无并发症的建议方案:应考虑外科医生的偏好,以及任何其他可能妨碍遵循方案的因素。应该对其进行调整,使其更具患者特异性。[23][31]
术后第1天[|]
- 教育和建议
- 肌肉放松教育
- 修改注意事项和禁忌症(前提是患者术前与物理治疗师进行了一次会面,否则将按照术前部分所述进行全面教育)。
- 床上练习:
- 循环训练
- 上肢运动刺激心脏功能
- 未手术腿的维护:应注意活动范围,以保持手术髋关节的可控活动
- 等长股四头肌(进展为同向性VMO)和臀肌收缩
- 主动辅助(进展到主动)脚跟滑动,髋关节外展/内收
- 在未受影响的腿上使用单侧桥接进行床活动
- 上床下床(见在这里)
- 从有扶手的椅子上下来(参见在这里)
- 借助行动辅助设备(最好是能提供更多支持的设备,如行走架或滚筒)坐立。
- 在可接受的情况下,使用活动辅助装置进行步态再教育(由外科医生确定负重状况)
- 坐在椅子上最多1小时
- 移回床上时的姿势
术后第2天[|]
- 如上所述的卧床练习,不断重复,减少对患者的帮助
- 远程移动和/或移动辅助装置的进展
- 如果需要的话,结合平衡练习
- 坐在椅子上
第三天手术后[|]
如上所述的卧床练习,不断重复,减少对患者的帮助
- 远程移动和/或移动辅助装置的进展
- 爬楼梯(至少3次,或根据家庭需要)
- 坐在椅子上
- 修订注意事项、禁忌症和功能适应
- 给予6周渐进式阻力强化[32]
出院回家标准:[|]
- 带辅助装置的独立行走
- 独立的转移
- 独立ADLs
- 有监督的楼梯
- 适当的家庭协助(配偶、家人、探访护士)[16]
回家的计划[|]
一些修改,使家庭更容易导航。以下项目有助于日常活动:
- 淋浴或浴缸内的安全栏或扶手系牢
- 所有楼梯上都有扶手
- 一个稳定的椅子,为你的早期恢复提供一个坚实的坐垫(允许膝盖保持低于臀部),一个坚实的背部,和两个手臂
- 凸起的马桶座圈
- 淋浴凳:用来洗澡的稳定的淋浴凳或椅子
- 一个长柄海绵和淋浴软管
- 一个敷料棒,一个助袜器和一个长柄的鞋拔
- 一个教师允许抓取物体而不过度弯曲你的臀部
- 椅子、沙发和汽车的坚固枕头,使病人坐时膝盖低于臀部
- 清除所有松动的地毯和电线,从该地区走回家[16]
这段7分钟的视频介绍了全髋关节置换术后1-4周的术后锻炼。
手术后6周[|]
- 患者通常由骨科医生随访
- 外科医生决定是否允许患者做以下事情:
- 髋部活动自如
- 没有移动辅助装置的完全负重
- 开车
6周后[|]
- 获得初始ROM,稳定性和本体感觉
- 耐力
- 灵活性
- 平衡
- 速度,精度,神经协调
- 功能锻炼
回归运动[|]
低冲击运动是首选
- 高尔夫:术后差点变化极小;TKA后残疾增加
- 高强度运动增加55岁以下患者的翻修率
结果测量[|]
- 羟基)
- WOMAC)
- SF-36
- 呼!)
- 团队工作[|]
全髋关节置换术(THA)是所有骨科手术中最可靠、可重复性好、最成功、最经济的手术之一。该过程需要各个医疗保健提供者团体之间的护理协调,包括护士、物理治疗师、高级从业人员和医师扩展人员、内科医生和整形外科医生。

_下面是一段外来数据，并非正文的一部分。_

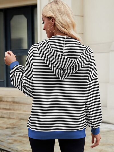 Drawstring Striped Zip Up Long Sleeve Hoodie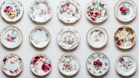 A stunning arrangement of vintage floral plates showcasing intricate designs and patterns, perfect for home decor, dining settings, or collector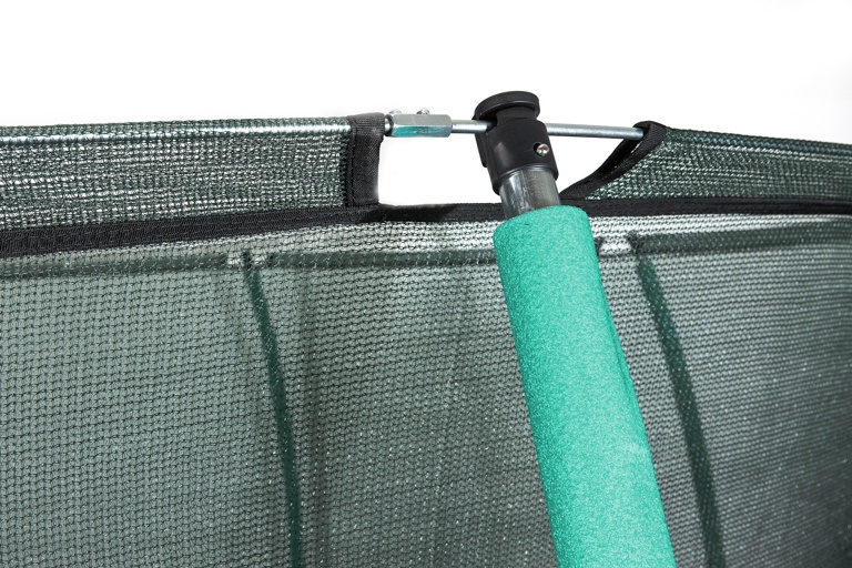 Horní ochranná síť má vstup opatřený zipem a zajištěným pojistkou proti samovolnému rozepnutí. Maximální možnou bezpečnost pak zajištuje polstrovaný obvodový pás, který překrývá pružiny po celém obvodu trampolíny.
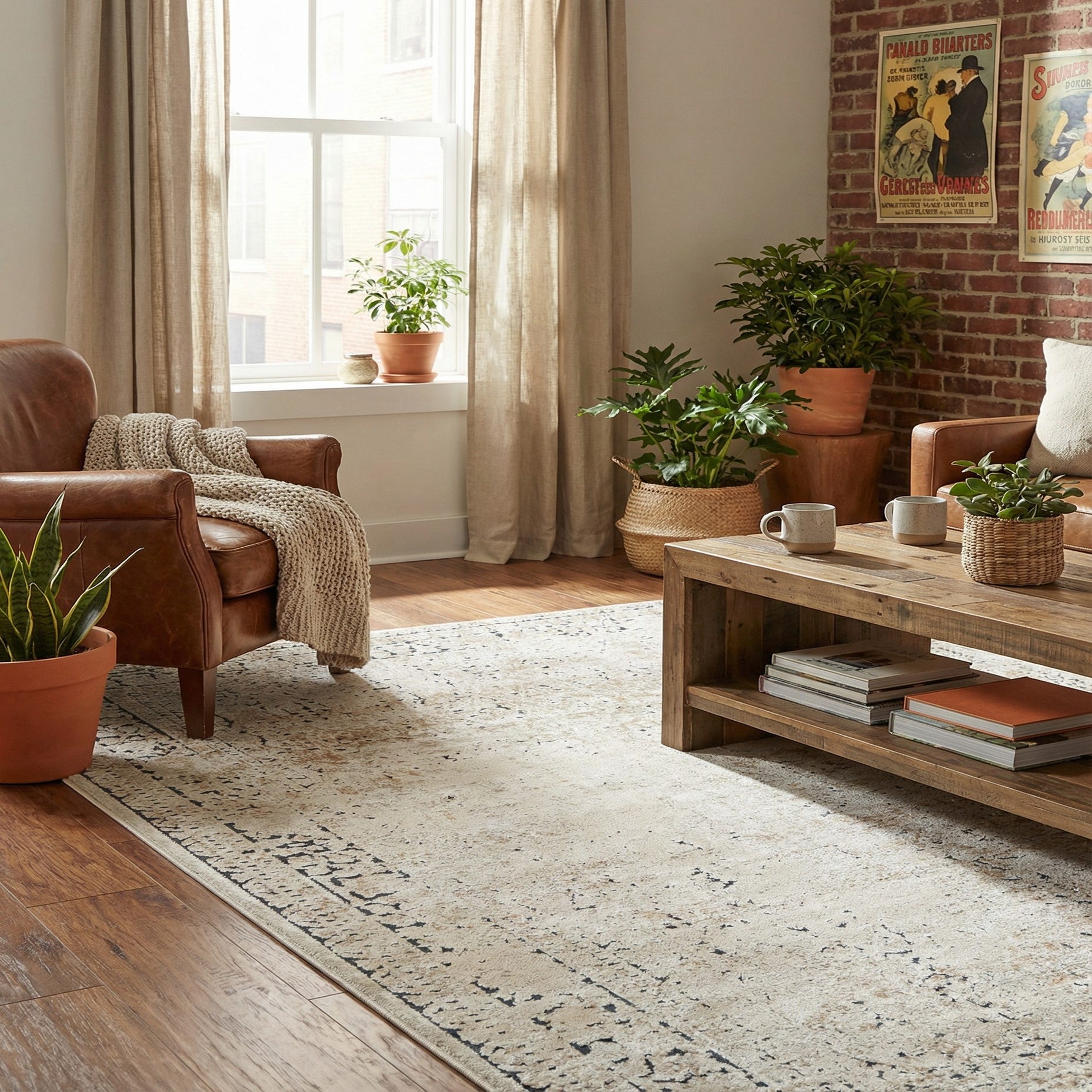 Machine made from 85% polypropylene and 15% chenille, this rug combines polypropylene’s durability with chenille’s soft, velvety texture for a comfortable underfoot feel and a low-profile pile that sits nicely under furniture. The neutral palette and relaxed pattern work well in a casual living room beneath a coffee table, in a dining area with natural wood furnishings, or layered under a bed to add warmth and quiet pattern without overwhelming the space.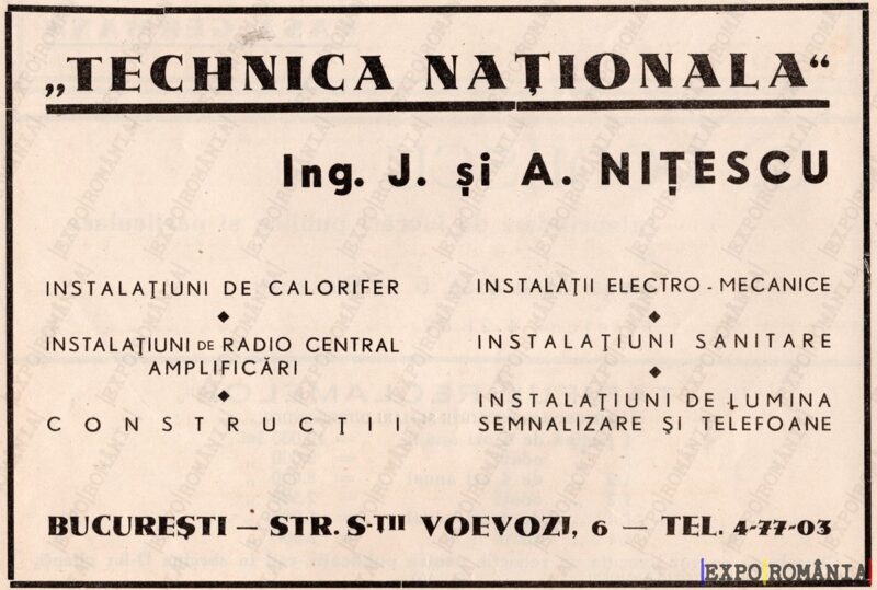 BUCUREȘTI – STR. S.T. VOIVOZI, 6 – TEL. 4-77-03

包括外科医生、执业护士和医师助理在内的临床医生应共同努力,为患者和家属提供有关手术、预期问题和善后指导的教育。[1]
虚拟诊所访问[|]
髋关节和膝关节置换术患者的虚拟随访是面对面临床评估的有效替代,最近的一项调查证实了这一点,该调查包括2017年1月至2018年12月期间进行虚拟访问的1749名患者。
- 在术后1年随访和常规随访中,只有7.22%的患者需要进一步的当面评估。